Thursday, September 23, 2010

AR: Yield


Pearl Jam - Yield (1998)

To cut to the chase: context matters. I don't remember exactly when I obtained my copy of Pearl Jam's fifth and arguably last great studio album, Yield, but I know exactly when I got it. Without entering into the unnecessary details, I am given not to fly but am mos def given to foul, dark moods, and Yield hit me at a needlessly upsetting time and saved the day. We're talking feel-bad afternoons assuaged by headphone sessions, couch therapy consisting not of recollections of childhood but simply closed eyes and concentrations on a workingman's rock album. Rock-solace, if you will. So be forewarned that perhaps even more than usual, my take on this album is terrifically biased and probably not worth trusting one bit.

Don't mistake my meaning. The album *is* top to bottom good, nary a hint of a bad moment, varied in a way that grabs interest but remains cohesive, and hits a resonant frequency of earnest rocking optimism. But I'm not really sure that any account of its objective merit could possibly capture what it meant for me at a relatively key time. I am sure I on some level got suckered; for all of Pearl Jam's grasping at gravity, this is really just a sweet-spot pop-rock disc, odd enough to keep the fan-base while straightforward enough to catch FM play. With a fairly damn plain "look up" theme, too - "yield" to the vagaries instead of railing against them, accept what you can't change etc. on some base level. It caught me when I just needed someone to be there for me. Turns out someone was a CD.

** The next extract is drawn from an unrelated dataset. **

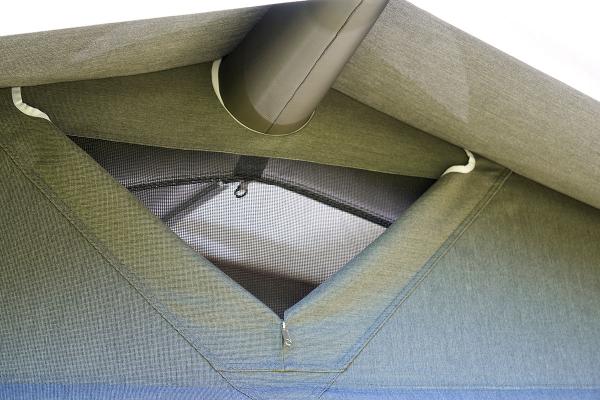 Gestippelde lijnen: Ritssluiting voor uitneembare en neerrolbare tentdelen

In by-this-point formulaic PJ fashion, the disc starts with a breakneck "1234,1234" and the full-speed-ahead punk song "Brain of J." Its descending riff and "Soon the whole world will be different!" chorus kick the disc off in epic fashion. A up-for-air slowed down bridge is followed by another PJ-staple, the pyrotechnics Stone Gossard guitar solo. Classic opener that uses a aural explosion as its close; the empty room drums and clean electric strumming over meandering bassline intro of "Faithful" that follows is a gorgeous segue. The would-be ballad claims "I'm through with / screaming" as it drops into the snarling chorus. "We're faithful / we all believe / we all believe." It's never been clear, given said snarl, how sincere this is, but the guitar-based affirmation that kicks in at 1:53 or thereabouts is transcendent enough to make me buy in. This tune follows a hill-shaped slope, and eventually comes back to a quiet close that is eerily backed by spoken words echoing Vedder's lines. In short, a sick 1-2 combo to open things.

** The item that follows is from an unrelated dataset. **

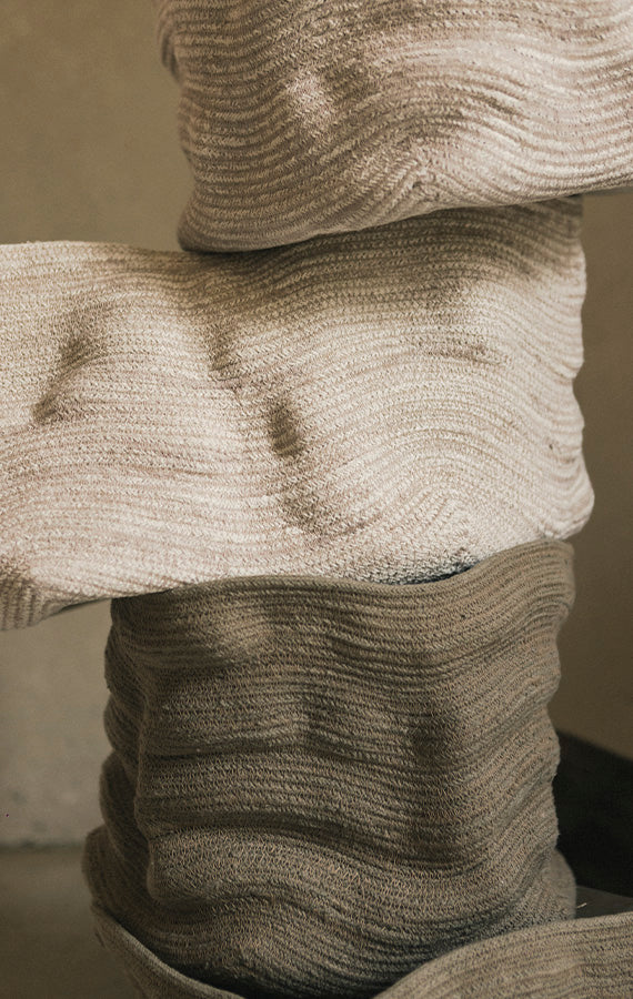 Discover our handcrafted textile decor for your home. From washable rugs, poufs and cushions, to baskets.

"No Way" uses a fuzzed out streamlined guitar riff under a convincing brink of frustration Vedder to create reams of tension. The pleading lyrics of this song ("I just need," "it's so absurd," etc.) reek of desperation, but the real key is the mysterious chorus. "I'll stop trying to make a difference / I'm not trying to make a difference / I'll stop trying to make a difference / No Way" - hard to tell if this is despair or defiance, but the mood of the song is dark and appropriately enigmatic. It's probably clear, but this is the perfect type of "embrace the struggle" track and an exemplar of how this work helped me stare moods down.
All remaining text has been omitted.